In her fury, Amity’s mother discovers the figures present in the photograph, labelling them as a “distraction” from her daughter’s progress. In actuality, they’re the very things preventing our heroine from falling into abject despair. The episode has Luz and company being expelled from school as Amity is forced to stand and watch, too afraid to go against her parents; wishes in the fear of being outed and cast aside. It’s what a lot of people would do if put in her shoes, and it isn’t until Luz is placed in mortal danger that Amity comes to realise that her feelings mean far more than pleasing those who simply don’t care about her identity.
To restore their status at school, Luz agrees to partake in a presentation on behalf of Amity’s parents. Unfortunately, they’re dodgy arms dealers and aim on murdering the teenager in cold blood instead of sitting down to talk things out. This is a kid’s show by the way. It doesn’t take long for Amity to cotton on to her friend’s situation, bursting in to save the day even if it means severing ties with her family for good. Her mother screams in disdain, demanding her daughter step aside unless she wants to be abandoned for good, left behind like the meddlesome little girl she is.
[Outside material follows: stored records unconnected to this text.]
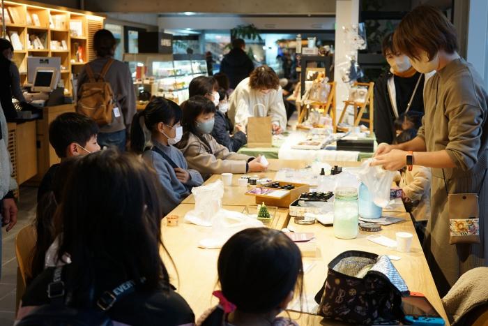 ワークショップも大にぎわい。ストライクアウトなどのゲームをしたり、クリスマスカードやマクラメ、ディンプルアート、アロマバスボムを作ったり、英語の絵本の読み聞かせを聞いたり、ボードゲームに興じたり…。
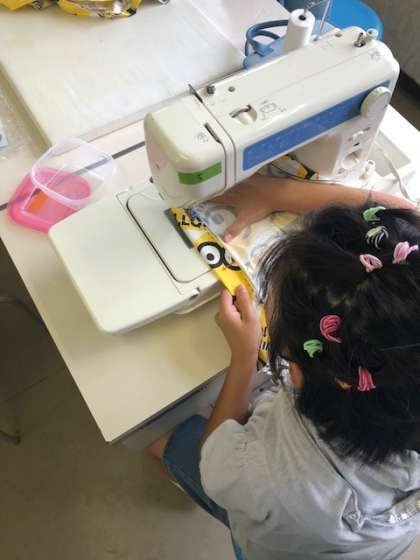 エプロンの布地の端を三つ折りにし、アイロンで折り目をつけてミシンで縫っていきました。ミシンやアイロンの使い方にも慣れてきました。
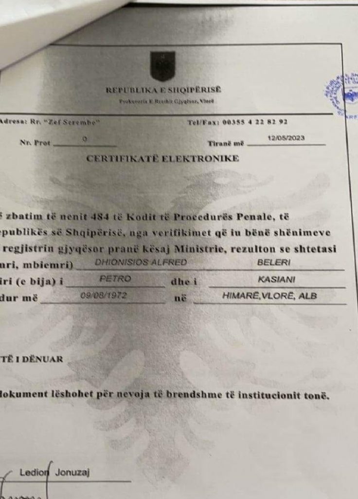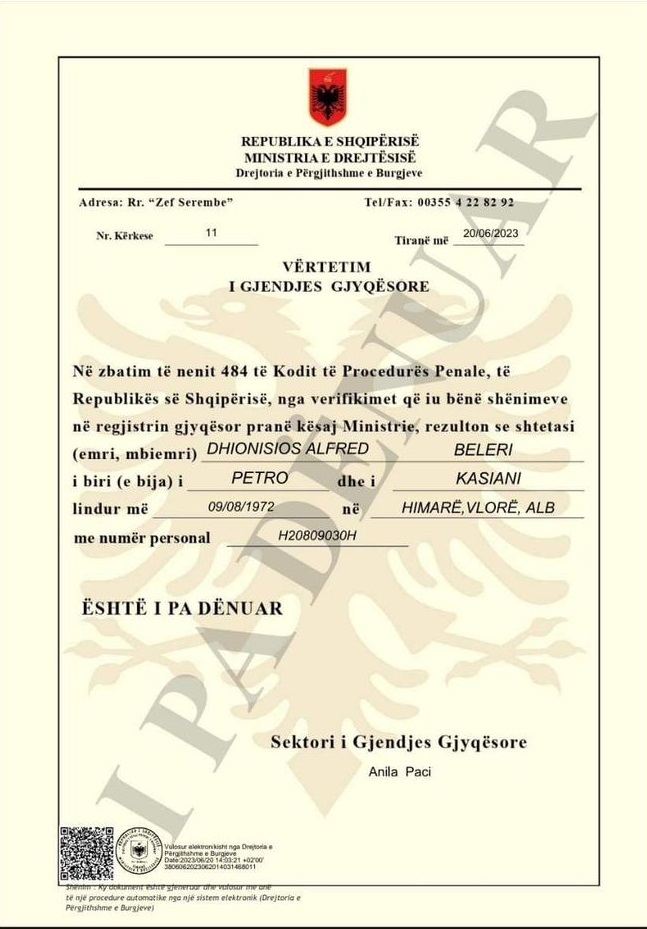 Manjani gjithashtu ka evidentuar se paraburgimi i Belerit po sajohet me dëshmi penaliteti fallco. Në fakt, dëshmia e penalitetit që i referohet Manjani, i majit 2023 e nxjerr Belerin të dënuar, ndërkohë që nga një verifikim i thjeshtë në e- albania, rezulton krejt ndryshe. (fotot poshtë)
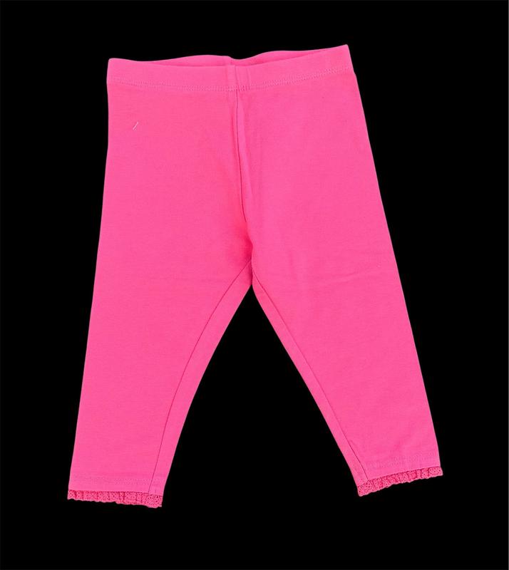 Дитячі бавовняні лосини - неодмінний атрибут гардеробу дівчинки. Їх можна одягати під штани для збереження тепла, а можна носити в приміщенні чи на вулиці, як самостійний елемент одягу, поєднувати зі спідницею чи сукнею для створення затишного образу. Декоровані внизу бавовняним мереживом.Заміри: 68 см (6-9 міс): довжина 35 см/у поясі 40 см/у стегнах 46 см/крок 22 см
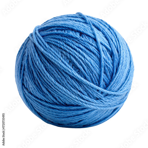 Ball of blue wool yarn isolated on white background.

In response, Amity takes the family necklace around her neck and crushes it to pieces, a symbolic gesture of growth that shows she is ready to accept who she is, confronting trauma and coming to realise it doesn’t control her anymore.
For young viewers, this is a monolithic statement, one with too few examples in animation when it comes to showcasing the challenges that accompany the acceptance of one’s own queer identity. Amity Blight is a lesbian, as confirmed by showrunner Dana Terrace, and The Owl House isn’t afraid of shining a light on the brilliance of young love, and the trials and tribulations that come with hiding inside a closet that is far from your own making. The first hesitant steps out of this box aren’t meant to be easy, and you will face resistance, but in Amity’s case, she’s met with open arms by Luz, her friends, and siblings who understand the pressures that come with being the youngest child amidst a family of stubborn perfectionists.
If this episode can help even one teenager coming to terms with their identity feel welcome, or reassure those in problematic family situations that things can get better, it’s done more than it could ever imagine. I didn’t have such examples of queer representation as a child, so it feels important to highlight shows that come along and willingly change the game. The fact it’s under the Disney umbrella is more impressive, given the company is infamous for editing out minimal queer voices to appease international audiences. The Owl House makes it so integral to the narrative and thematic execution that it can’t really be ignored without butchering the show’s overall message, and I’m glad Disney understands this.
Rebellion remains a necessary part of the queer experience. It’s not something young people can willingly partake in, but Amity Blight and The Owl House have shown that it’s okay to strive for a future where your identity is welcomed, even if it means leaving behind those close to you.